Alarm rings. Swipe. 5:45. Swipe again. Up at 6:00. Already rushing.

I slept at midnight. Again. Why? Because I tell myself I “need” more time at night to finish things, to unwind, to reclaim the day.

But what I’m really doing is crossing a boundary with myself. Boundaries don’t start at work. They start with sleep.

The Drive: Becoming What I Hate

Reckless drivers. You know the type. A white Tundra triple-lane changes into my exit lane. I beep. I maneuver. I escalate. I cut him off. Now I’m driving like the thing I claim to hate.

Internal boundary crossed:
I allowed someone else’s behavior to dictate my character. Reciprocity took the wheel.

8:00am: The Emails Begin

I’m a manager. My workload is heavy. That’s fine. I signed up for it. But wearing multiple hats and being available for everyone gets interesting.

Training Requests

We have scheduled trainings all year-round. Instead of reinforcing the structure… I bend it. I offer dates that cut into my vacation buffer and project time.

Why? Because being helpful feels good. And saying no feels… uncomfortable.

Contact Information Requests

I built systems. Clear systems. Instead of reinforcing autonomy, I resend information. Then sit through meetings explaining the same thing I wrote.

Internal thought: “Just click the link.”
External behavior: “Of course, happy to help.”

That gap? That’s a boundary.

Newsletter Request

This one stung.It wasn’t even my responsibility. It was assigned to my direct report.I took it anyway.

Two hours gone. My strategic projects shrink. Sometimes crossed boundaries look like over-functioning.

The “Fire”

Someone marks something urgent. It is not fire, yet I respond immediately anyway.

The strongest leaders I know distinguish real fires from emotional smoke. Growth area for me.

Distressed Teammate

I see someone struggling. I initiated the conversation. Beautiful connection. Meaningful exchange. And I walk into my meeting 3 minutes late.

Boundaries crossed, but this one is nuanced. It’s on me.
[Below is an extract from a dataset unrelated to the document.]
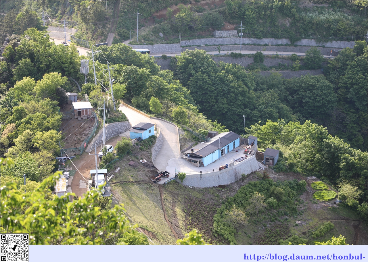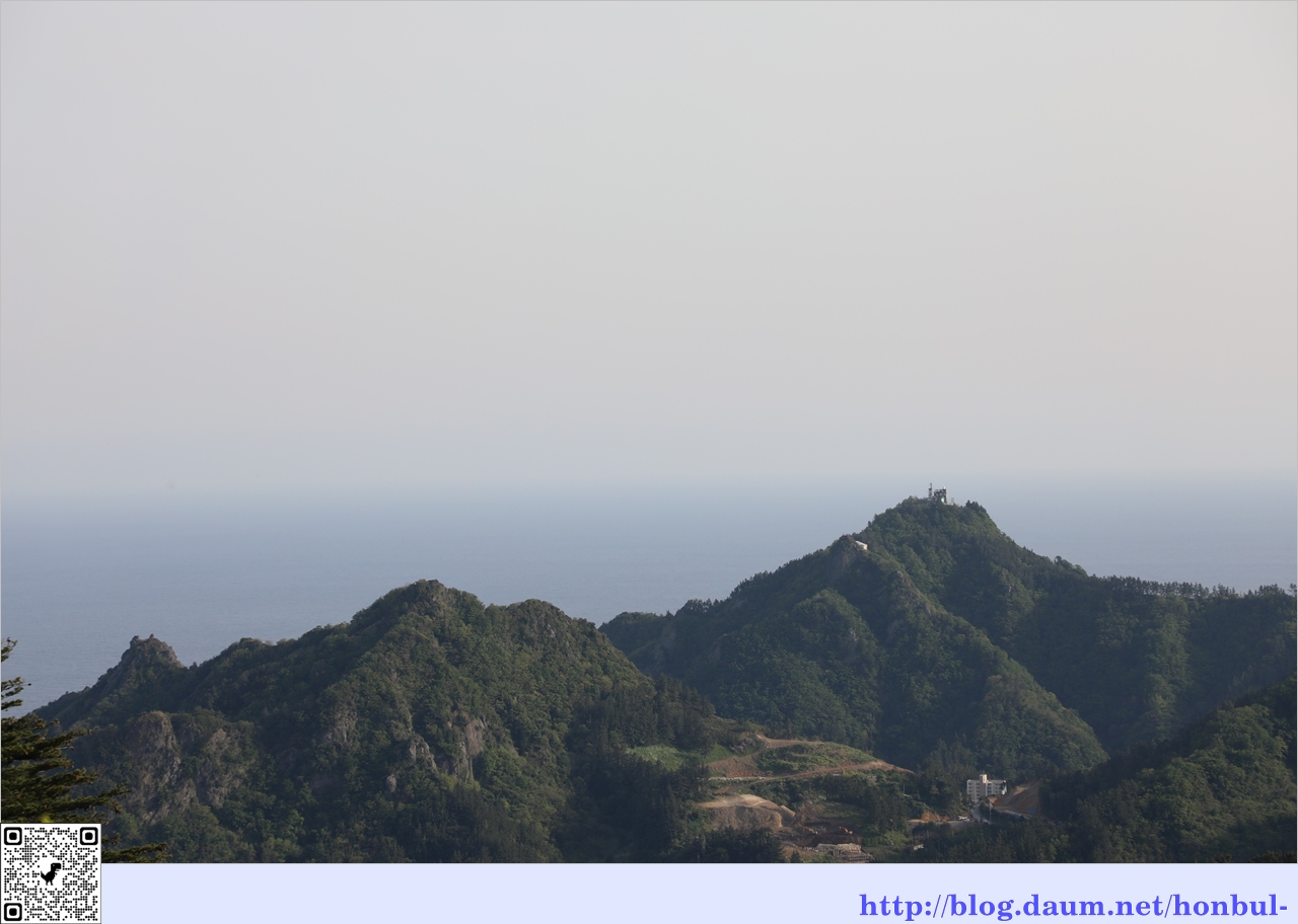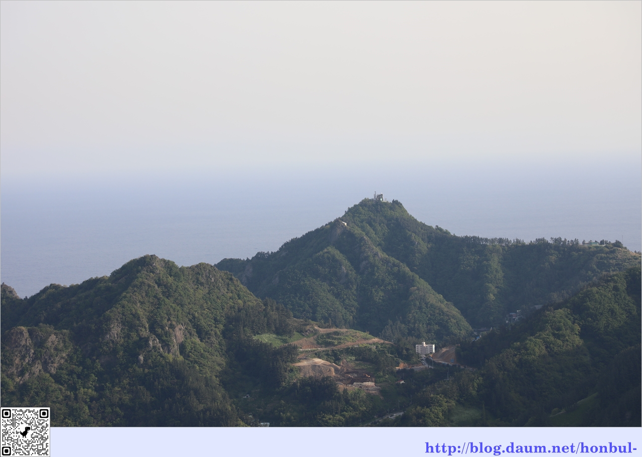 그 앞으로 능선에 하얗게 보이는 물체는 독도케이블카 전망대 건물이다.

I could have said:

“I have 3 minutes before a meeting , do you want to talk now or at lunch?” Boundaries don’t mean ignoring people. They mean being clear.

10am: The Meetings Wave

Four meetings. Increasing responsibility in my workload.
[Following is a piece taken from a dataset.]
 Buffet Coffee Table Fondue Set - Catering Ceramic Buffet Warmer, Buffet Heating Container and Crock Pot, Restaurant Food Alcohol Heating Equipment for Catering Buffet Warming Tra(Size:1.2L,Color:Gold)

In one, I accept a project I know shouldn’t automatically fall to me.
In another, I continue leading a collaboration where others under-contribute. In another, I say “yeah, that’s fine” to extend the meeting, knowing I have no buffer before lunch.

Lunch becomes 10 rushed minutes. Its about to be 1pm and the people who requested for additional training should be at this session since I told them about it.

None show up.That one hits differently because what more can I give if others cannot meet me halfway.

Home: My Safe Haven if I Keep my Boundaries

I get home and I have a gameplan: cook, workout, unwind.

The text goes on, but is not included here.